Another factor that complicates our understanding of the relationship between impulsivity and cocaine use disorders is the multidimensional nature of impulsivity. Impulsivity does not appear to be a unitary construct, but rather a trait comprised of several components that contribute to its characteristic poorly conceived, disadvantageous decisions and behaviors (Evenden, 1999a, Evenden, 1999b). These components include poor behavioral disinhibition, failure to consider the consequences of behaviors, and a preference for immediate rather than delayed rewards (Evenden, 1999a, Evenden, 1999b, Moeller et al., 2001a). It is possible that one, some, or all components of impulsive decision-making processes and behaviors are associated with vulnerability to cocaine dependence.
Various well-developed animal models exist to measure different components of impulsive behavior in rats. Two studies have employed these models to examine the relationship between individual differences in impulsive behavior and cocaine self-administration in rats. Despite using different measures of impulsive behavior, both studies report a positive relationship between impulsive behavior and cocaine self-administration (Dalley et al., 2007, Perry et al., 2005). In one study, rats that displayed a preference for a small immediate reward over a large delayed reward acquired cocaine self-administration at a significantly faster rate and self-administered more cocaine relative to rats with a preference for the larger delayed reward (Perry et al., 2005). In another study, rats who had difficulty withholding a nose-poke response during a five-choice serial reaction time task (i.e., made more premature responses) also self-administered more cocaine than rats that made fewer premature responses (Dalley et al., 2007). Two additional studies have measured the relationship between impulsive behavior and experimenter-delivered psychostimulants. Rats that had difficulty withholding a behavioral response to earn a reinforcer demonstrated greater amphetamine-induced hyperactivity relative to rats that were better at withholding behavioral responses (Dellu-Hagedorn, 2006). However, another study failed to find a relationship between behavioral disinhibition and the response to experimenter-delivered amphetamine (Bardo et al., 2006).

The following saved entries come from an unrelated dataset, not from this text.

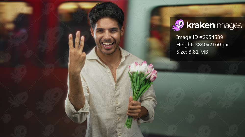 Man holding pink tulip bouquet holds up two fingers on a subway platform inside a building; romance playful greeting.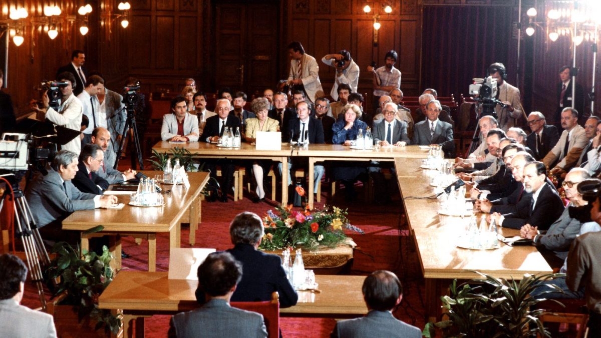 Nyitókép: a Nemzeti Kerekasztal ülése 1989. június 13-án. Fotó: AFP/MTI/Soós Lajos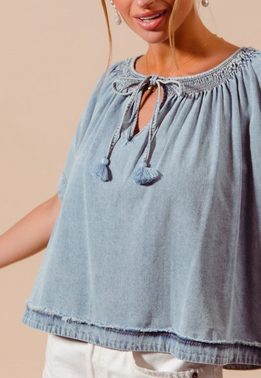 Sky’s Blue Denim Dolman Top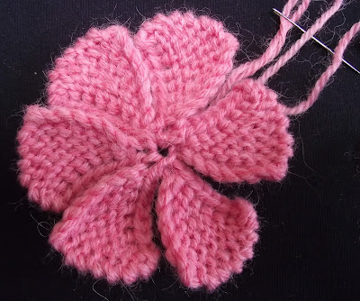 This flower measures three and three quarter inches across.  Because I wanted a sturdy and firm finish, I used a double strand of double knitting yarn on 4mm needles (no. 8 in the old sizes).  Knit stitch is used throughout.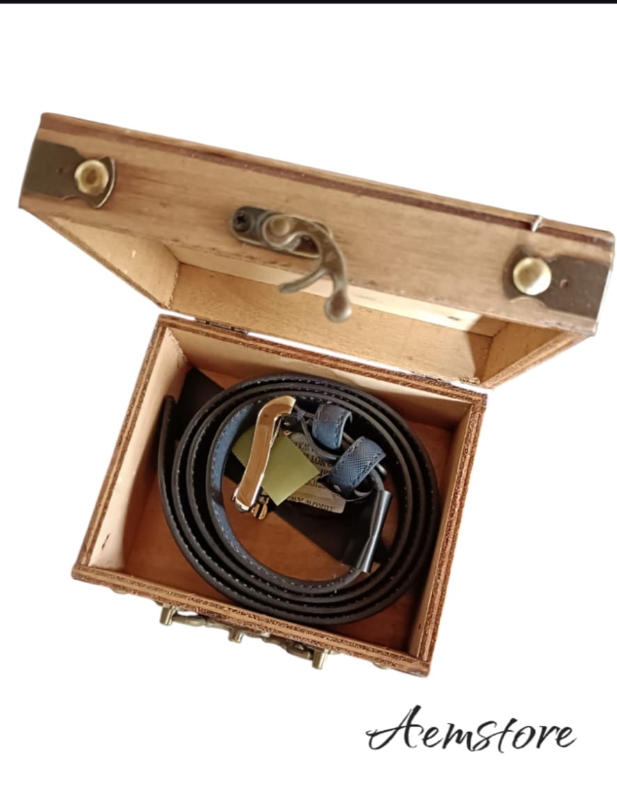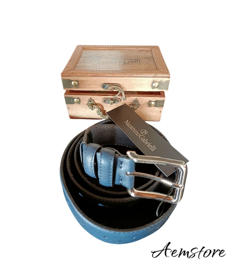 Cintura di colore blu con cofanetto di legno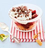 Feigen-Himbeer-Trifle Zutaten 250 g Sahnequark 2 EL Limettensaft 1 1/2 EL Ahornsirup 4 frische Feigen ca. 150 g Himbeeren 120 g weiche Amaretti (Mandelplätzchen) 8 EL Sherry medium (ersatzweise Orangensaft) 2 TL Puderzucker guk:similarity-keywords=""> 250 g Sahnequark , [...]

While the relationship between impulsive behavior and sensitivity to cocaine in rodents has just begun to receive attention, a more extensive line of research has demonstrated that individual differences in the locomotor response to a novel environment can predict sensitivity to the behavioral effects of psychostimulants and psychostimulant self-administration in rats. Rats that have high levels of activity in response to a novel environment (high responders; HR) are more sensitive to the locomotor stimulating effects of psychostimulants (Bevins and Peterson, 2004, Deminiere et al., 1989, Hooks et al., 1991a, Hooks et al., 1991b), are more likely to self-administer amphetamine (Bevins and Peterson, 2004, Deminiere et al., 1989, Klebaur et al., 2001, Piazza et al., 1989, Piazza et al., 1990) and cocaine (Piazza et al., 2000), and are more sensitive to the conditioned effects of psychostimulants than rats with a low level of novelty-induced locomotor activity (low responders; LR) (Bevins and Peterson, 2004, Jodogne et al., 1994). These data suggest that the phenotypic behavioral response to a novel environment is correlated with vulnerability to the behavioral effects of psychostimulants, including cocaine.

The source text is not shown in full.